Further genetic analysis indicated that Ppa-ped-4 is linked to the 
visible mutation Ppa-dpy-1 which has been shown to be closely 
linked to the homeotic gene Ppa-lin-39. This result suggests, that 
Ppa-ped-4 might be associated with, or might be a member of the 
Hox genes of P. pacificus. One candidate gene would be mab-5. To 
test if Ppa-ped-4 corresponds to P. pacificus mab-5, we cloned the 
Ppa-mab-5  homeodomain by PCR and isolated genomic and cDNA 
clones, the latter by performing RT-PCR. We analyzed the complete 
Ppa-mab-5 coding region in 5 of the 12 ped-4 mutant strains and 
found mutations in all of them indicating that Ppa-ped-4 is identical 
to the homeotic gene mab-5. To simplify nomenclature we renamed 
Ppa-ped-4 as Ppa-mab-5.  
When we ablated Z(1,4) in Ppa-mab-5 mutant animals, P7.p and 
P8.p could differentiate into vulval cells, whereas P(5,6).p remained 
epidermal. These results suggest that only P(7,8).p can differentiate 
into vulva-like structures in a gonad-independent way in Ppa-mab-
5 mutant animals, indicating that P(7,8).p are distinct from P(5,6).p. 
The gonad-independent differentiation properties of P(7,8).p might 
occur in response to an unknown signal or because of an intrinsic 
property of these cells to undergo vulva-like differentiation. In 
wild-type animals, Ppa-mab-5 functions as part of a negative 
signaling system that antagonizes the differentiation properties of 
P(7,8).p. The Ppa-mab-5-mediated process prevents the 
inappropriate differentiation of P8.p by making this cell 
incompetent to adopt vulval fate. This effect of Ppa-mab-5 is 
eventually restricted to P8.p, as the activity in P7.p is overruled by 
gonadal signaling that induces vulva formation by P(5-7).p. 

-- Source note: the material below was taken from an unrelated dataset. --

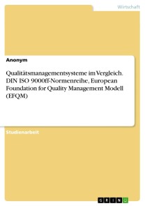 Studienarbeit aus dem Jahr 2017 im Fachbereich BWL - Unternehmensführung, Management, Organisation, Note: 1,7, Hochschule RheinMain, Sprache: Deutsch, Abstract: Seit den letzten Jahrzehnten hat das Qualitätsmanagementsystem für viele Unternehmen immer mehr an Bedeutung zugenommen, und viele namhafte Unternehmen haben sich von unabhängigen Institutionen zertifizieren lassen. In der vorliegenden Arbeit geht es zunächst um zwei Qualitätsmanagementsysteme, die ganz unabhängig voneinander entwickelt wurden. Das erste QM-System, die sogenannte DIN ISO 9000ff-Normenreihe, wurde in Großbritannien ins Leben gerufen, und das zweite QM-System, das Total Quality Management-System, wurde in den USA erfunden und später in Japan weiterentwickelt. Das Total Quality Managementsystem wurde später in das ganzheitliche europäische EFQM-Modell weiterentwickelt. Aufgabe dieser Hausarbeit wird es schließlich auch sein, diese zwei relevanten Qualitätsmanagementsysteme, also die DIN ISO 9000ff-Normenreihe und das EFQM-Modell vorzustellen und miteinander zu vergleichen, um festzustellen, wo es Unterschiede gibt, welche Vor- und Nachteile das jeweilige Qualitätsmanagementsystem aufweist und wo sich eventuell Überschneidungen ergeben. Aber zunächst wird auf die geschichtliche Entwicklung der Qualitätssicherungssysteme bzw. Qualitätsmanagementsysteme eingegangen. Danach geht es darum, den Begriff der Qualität zu definieren und weitere Begriffe, wie Qualitätskategorien, Qualitätsmerkmale usw. zu erörtern.
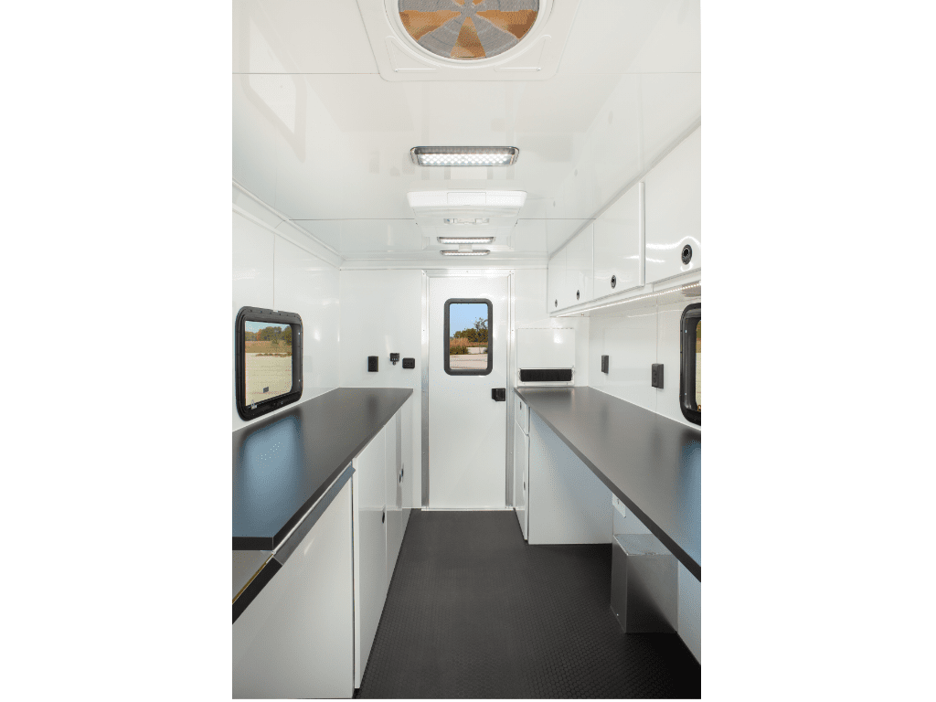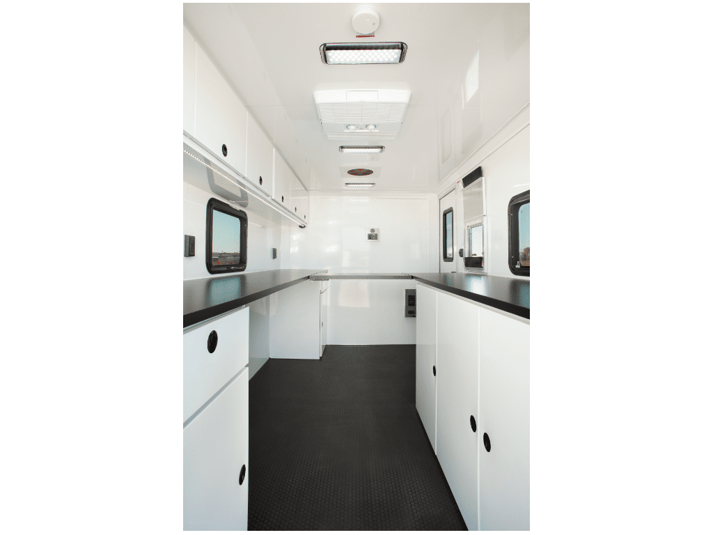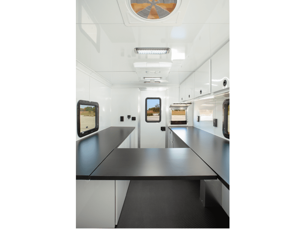 The fiber splicing trailer from ATC is the ultimate workspace. Built with an 8″ aluminum mainframe for extreme durability. Comes standard with heat and A/C to keep you comfortable in any weather, plus 14′ LED ceiling lights and under cabinet lights. This is the upgraded Plus package with a 4.5KW generator and a 30-gallon fuel tank included.

Comparing the loss-of-function phenotypes, the strongest difference 
between the Ppa-mab-5 and the Cel-mab-5 mutations is that in Cel-
mab-5 no ectopic vulva differentiation occurs. Furthermore, Cel-
mab-5 mutant animals have VPCs that are identical in their 
developmental potential (Clandinin et al., Dev. Biol. 182, 150ff). In 
contrast, in Ppa-mab-5 mutations P(7,8).p still differ from P(5,6).p 
resulting in gonad independent differentiation. This observation 
indicates that factors other than mab-5 distinguish P(7,8).p from 
P(5,6).p or vice versa. One major function of Ppa-MAB-5 is to 
antagonize the gonad-independent differentiation properties of 
P(7,8).p. Mechanistically, MAB-5 might act in different genetic 
circuits with different target genes in both species. For example, 
Ppa-mab-5 might be part of a locally restricted negative signaling 
system that is only present in P. pacificus P(7,8).p. However, we 
cannot rule out that only quantitative differences of MAB-5 activity 
in the regulation of identical downstream target genes led to the 
observed competence patterns in both species.